Phi, a voyage from the brain to the soul

A propos du livre Mindful Universe

La médecine personnalisée

28 octobre 2005
Note par Jean-Paul Baquiast et Christophe Jacquemin

A propos de "The singularity is Near"

Voir aussi notre éditorial

Couverture du livre "The singularity is nera", par Ray Kurzweil

The singularity is near


par Ray Kurzweil

Penguin 2005



Ray Kurzweil vient de faire paraître un nouveau livre, The Singularity is Near (Penguin Group, 2005) qui explicite avec des arguments considérablement enrichis la principale thèse qui l'a rendu célèbre : celle selon laquelle la convergence et le développement exponentiel des nouvelles technologies conduisent à l'émergence d'un monde complètement transformé. L'homme et les réseaux technologiques s'interpénétreront et se renforceront réciproquement d'une façon qui reculera sans limites prévisibles les frontières de la vie intelligente. Il appelle ce bouleversement la Singularité, parce que rien de ce qui était admis jusqu'alors ne demeurera valide et parce qu'en contrepartie tout ce qui était considéré comme impossible deviendra possible. Notre intelligence jusqu'alors confinée dans ses supports biologiques (le cerveau), deviendra progressivement non-biologique et des milliards de fois plus puissante qu'elle n'est aujourd'hui.

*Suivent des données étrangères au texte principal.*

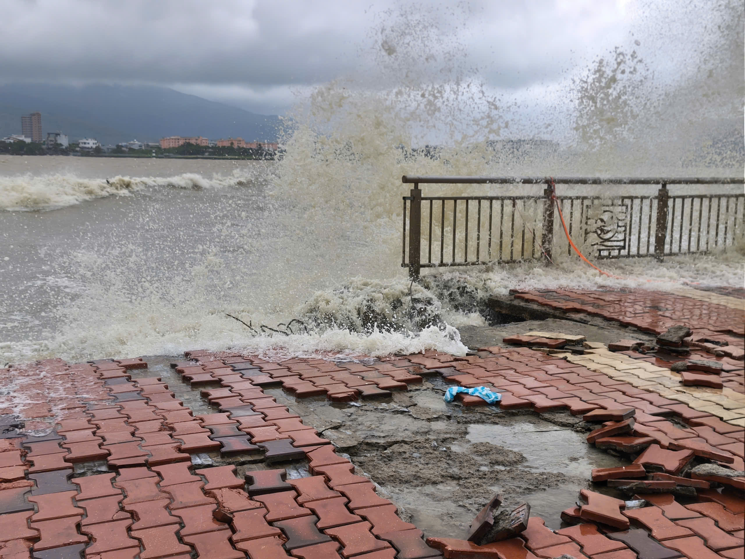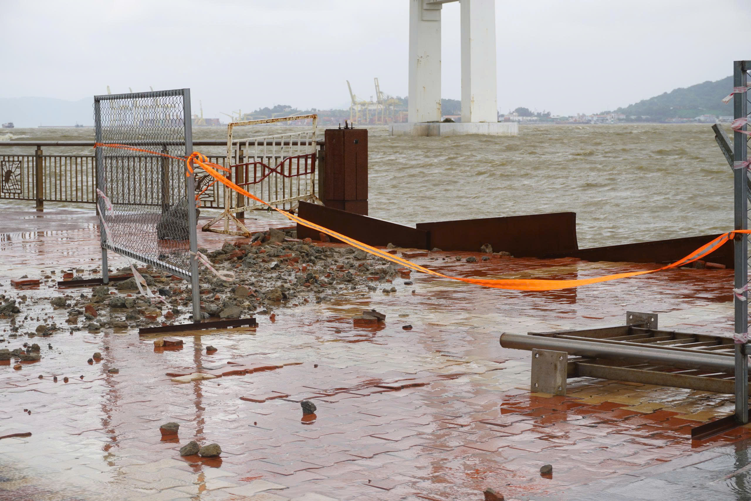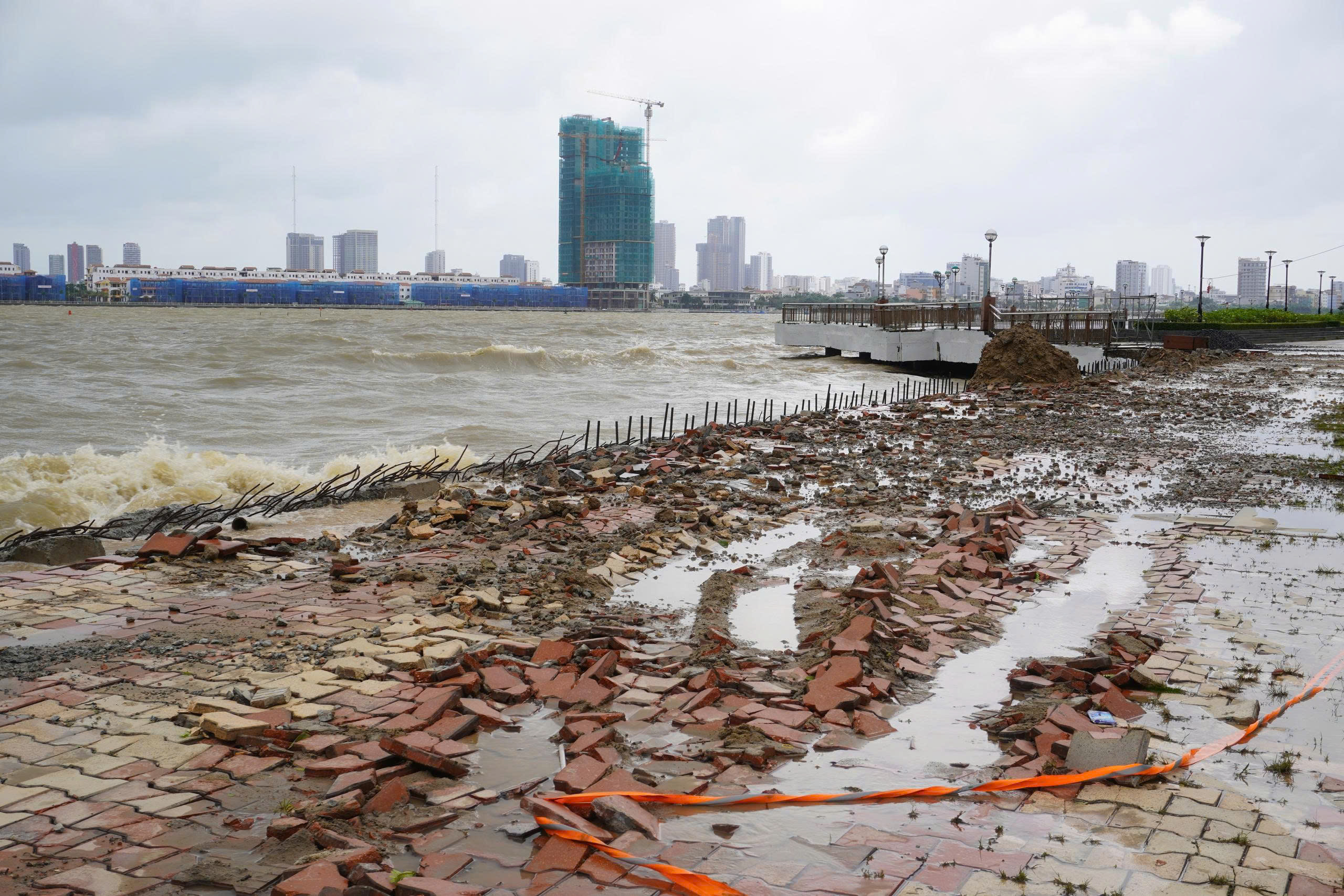 Những tấm gạch đá lát vỉa hè bị sóng đánh vỡ thành từng mảnh

Dans ce monde nouveau, les distinctions entre l'humain et la machine, entre le réel et la réalité virtuelle, s'estomperont progressivement. Les personnes pourront adopter des corps différents et multiplier les versions de leurs esprits. Ce faisant, les humains pourront contrôler le vieillissement et la maladie, éliminer la pollution, résoudre les problèmes de la pauvreté et de la faim dans le monde. De plus, cette révolution immense, selon Ray Kurzweil, pourrait se produire dans les 10 à 50 prochaines années, c'est-à-dire très prochainement à l'échelle de l'histoire humaine.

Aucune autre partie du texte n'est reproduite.